Reproduce the records below exactly; no pictures.

Data excerpts:
┌──
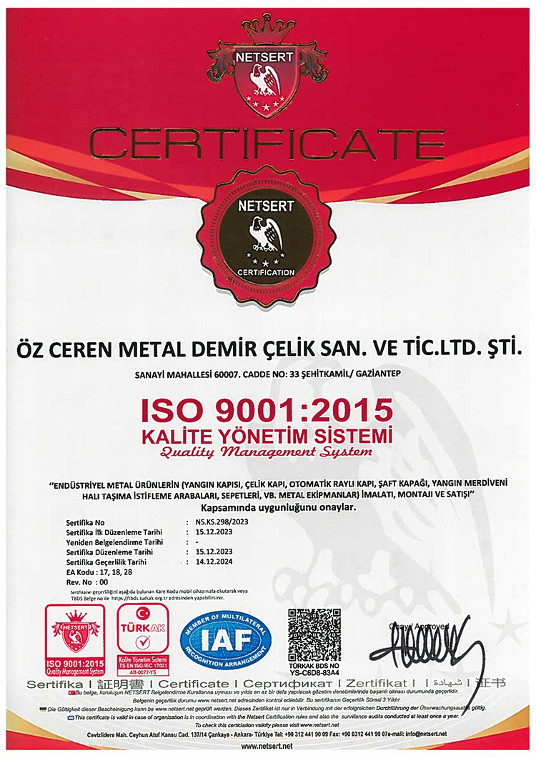 Özveri ile verdiğimiz hizmeti belgelendirdik ve siz değerli müşterilerimizin hizmetinde olmaya devam etmekteyiz.
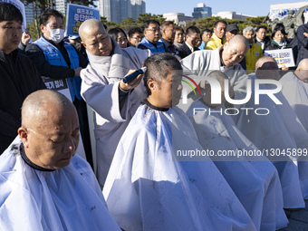 Family members of victims from the December 29 Jeju Air crash at Muan International Airport shave their heads during an emergency press conference across from the presidential office in Yongsan District, Seoul, South Korea, on December 1, 2025. They demand that the Aviation and Railway Accident Investigation Board halt its public hearing. They argue that the board's affiliation with the Ministry of Land, Infrastructure and Transport compromises the independence and credibility of the investigation and call for it to be placed under the prime minister's office as an independent body.
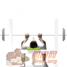 平躺在凳子上,手肘接近躯干,双手住杠铃。
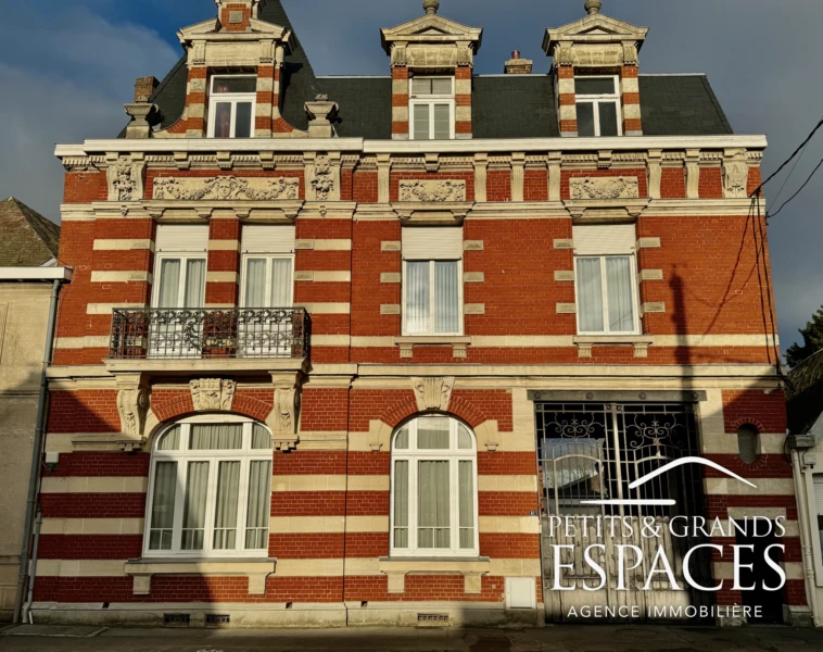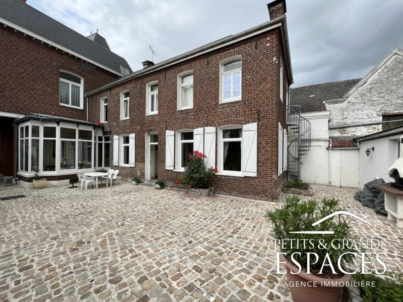 De nombreuses photos à découvrir sur notre site petitsetgrandsespaces.fr Petits & Grands Espaces vous présente cette magnifique propriété d'une surface habitable de 303 m2 parfaitement entretenue. Vous serez situé au coeur du village de CURGIES, à moins de 10 minutes de Valenciennes par les axes autoroutiers rapidement accessibles. Cachet préservé avec parquets, moulures, cheminées, hauteurs sous plafonds, yoiture en ardoises naturelles récente. Idéal projet chambres d'hôtes aux portes de l'Avesnois. Vous y découvrirez : - Au rez-de-chaussée : hall d'entrée, spacieux salon-salle à manger de 45 m2, cuisine équipée d'environ 35m2 avec espace repas , salon TV ou chambre, cellier, WC, cave. - Au 1er étage : dégagements, 5 chambres dont une suite parentale avec salle de bain, wc, une salle de douche avec wc. - Au 2ème étage : dégagements, 2 chambres, 2 greniers dont un aménageable. - A l'extérieur : garage indépendant 2 véhicules + espace atelier, cour pavée 160 m2 avec stationnement plusieurs véhicules, portail en fer forgé. Prestations : menuiseries PVC double vitrage, alarme, visiophone, chauffage individuel gaz. SARL PETITS & GRANDS ESPACES - 8 rue Henri Harpignies 59300 FAMARS Carte professionnelle no CPI 5907 2022 000 000 010 délivrée par la CCI de VALENCIENNES Les informations sur les risques auxquels ce bien est exposé sont disponibles sur le site Géorisques : www.georisques.gouv.fr
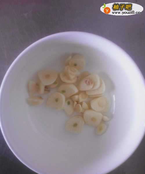 3五瓣蒜切成片。
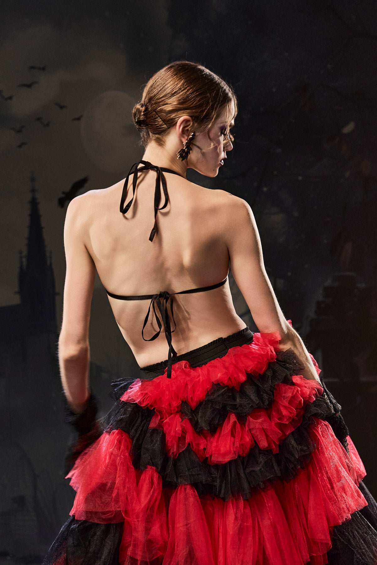 The lsmael Bat Halter Neck Top exudes nocturnal elegance. Crafted from deep black fabric, this top features a dramatic halter neckline and batwing details, adding a bold, gothic edge. The sleek silhouette accentuates shoulders while maintaining a mysterious feel, making it ideal for stage performances, Halloween parties, or any dark fantasy fashion event. Whether worn alone or layered as part of an outfit, this top perfectly balances allure and dramatic flair.
└──
ANSWER SPACE:
 Özveri ile verdiğimiz hizmeti belgelendirdik ve siz değerli müşterilerimizin hizmetinde olmaya devam etmekteyiz.
 Family members of victims from the December 29 Jeju Air crash at Muan International Airport shave their heads during an emergency press conference across from the presidential office in Yongsan District, Seoul, South Korea, on December 1, 2025. They demand that the Aviation and Railway Accident Investigation Board halt its public hearing. They argue that the board's affiliation with the Ministry of Land, Infrastructure and Transport compromises the independence and credibility of the investigation and call for it to be placed under the prime minister's office as an independent body.
 平躺在凳子上,手肘接近躯干,双手住杠铃。
 De nombreuses photos à découvrir sur notre site petitsetgrandsespaces.fr Petits & Grands Espaces vous présente cette magnifique propriété d'une surface habitable de 303 m2 parfaitement entretenue. Vous serez situé au coeur du village de CURGIES, à moins de 10 minutes de Valenciennes par les axes autoroutiers rapidement accessibles. Cachet préservé avec parquets, moulures, cheminées, hauteurs sous plafonds, yoiture en ardoises naturelles récente. Idéal projet chambres d'hôtes aux portes de l'Avesnois. Vous y découvrirez : - Au rez-de-chaussée : hall d'entrée, spacieux salon-salle à manger de 45 m2, cuisine équipée d'environ 35m2 avec espace repas , salon TV ou chambre, cellier, WC, cave. - Au 1er étage : dégagements, 5 chambres dont une suite parentale avec salle de bain, wc, une salle de douche avec wc. - Au 2ème étage : dégagements, 2 chambres, 2 greniers dont un aménageable. - A l'extérieur : garage indépendant 2 véhicules + espace atelier, cour pavée 160 m2 avec stationnement plusieurs véhicules, portail en fer forgé. Prestations : menuiseries PVC double vitrage, alarme, visiophone, chauffage individuel gaz. SARL PETITS & GRANDS ESPACES - 8 rue Henri Harpignies 59300 FAMARS Carte professionnelle no CPI 5907 2022 000 000 010 délivrée par la CCI de VALENCIENNES Les informations sur les risques auxquels ce bien est exposé sont disponibles sur le site Géorisques : www.georisques.gouv.fr
 3五瓣蒜切成片。
 The lsmael Bat Halter Neck Top exudes nocturnal elegance. Crafted from deep black fabric, this top features a dramatic halter neckline and batwing details, adding a bold, gothic edge. The sleek silhouette accentuates shoulders while maintaining a mysterious feel, making it ideal for stage performances, Halloween parties, or any dark fantasy fashion event. Whether worn alone or layered as part of an outfit, this top perfectly balances allure and dramatic flair.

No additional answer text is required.